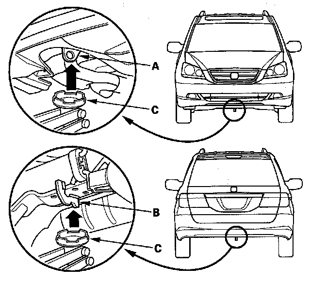 3. Position the floor jack under the front jacking bracket (A) or the rear jacking bracket (B). Center the jacking bracket on the jack lift platform (C), and jack up the vehicle high enough to fit the safety stands under it.
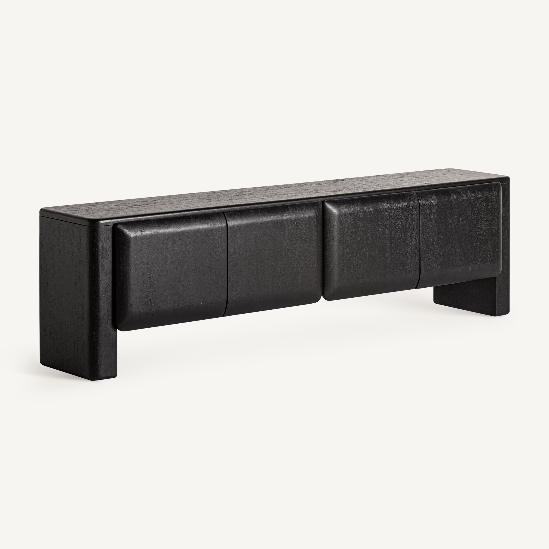 Norfolk Tv benk er et mesterverk av art deco-design av Vical Home. Denne benken er laget av svart mangotre og kombinerer eleganse og robusthet. Den utmerker seg ved sin unike håndlagde finish. Perfekt for et sofistikert interiør, hver del har naturlige variasjoner og ufullkommenheter som tilfører karakter og sjarm.
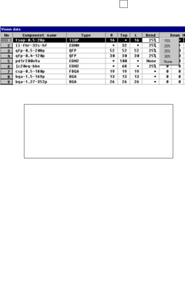 5 − 22 ⑨ Bend W hen t he machine detects a bent lead, it discards t he component having a bent lead onto the I C discard position as operat ion for an error . Ent er the level for det ecting a bent lead here. - W hen dat…
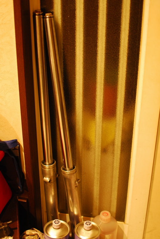 フォークオイルを入れて、エア抜きのため数回伸縮させて、放置。しばらくして伸縮させてみたら、まだエアが残っているかのような音がする・・・ふぅむ・・・
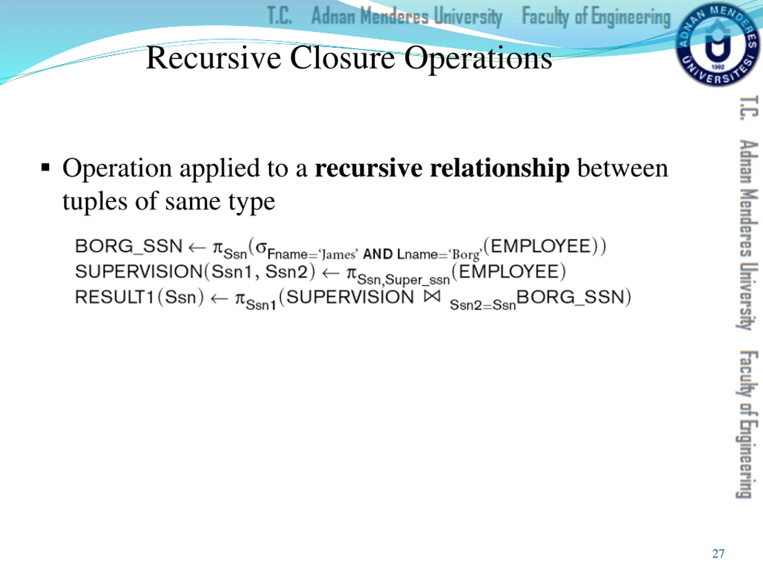 Recursive Closure Operations Operation applied to a recursiverelationship between tuples of same type 27
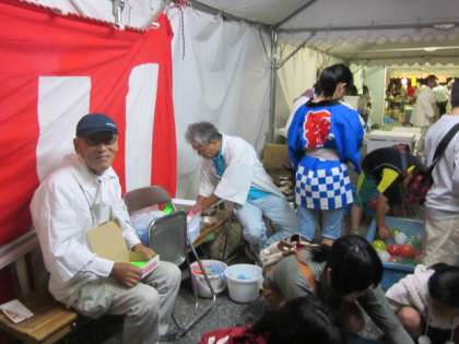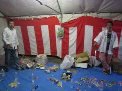 地域の方が、輪投げやヨーヨーつり、綿菓子、焼きそば、フランクフルト・・・のお店をされています。

Task instructions: Output nothing but the entries above, exactly, once the pictures are removed.

Written solution:
 3. Position the floor jack under the front jacking bracket (A) or the rear jacking bracket (B). Center the jacking bracket on the jack lift platform (C), and jack up the vehicle high enough to fit the safety stands under it.
 Norfolk Tv benk er et mesterverk av art deco-design av Vical Home. Denne benken er laget av svart mangotre og kombinerer eleganse og robusthet. Den utmerker seg ved sin unike håndlagde finish. Perfekt for et sofistikert interiør, hver del har naturlige variasjoner og ufullkommenheter som tilfører karakter og sjarm.
 5 − 22 ⑨ Bend W hen t he machine detects a bent lead, it discards t he component having a bent lead onto the I C discard position as operat ion for an error . Ent er the level for det ecting a bent lead here. - W hen dat…
 フォークオイルを入れて、エア抜きのため数回伸縮させて、放置。しばらくして伸縮させてみたら、まだエアが残っているかのような音がする・・・ふぅむ・・・
 Recursive Closure Operations Operation applied to a recursiverelationship between tuples of same type 27
 地域の方が、輪投げやヨーヨーつり、綿菓子、焼きそば、フランクフルト・・・のお店をされています。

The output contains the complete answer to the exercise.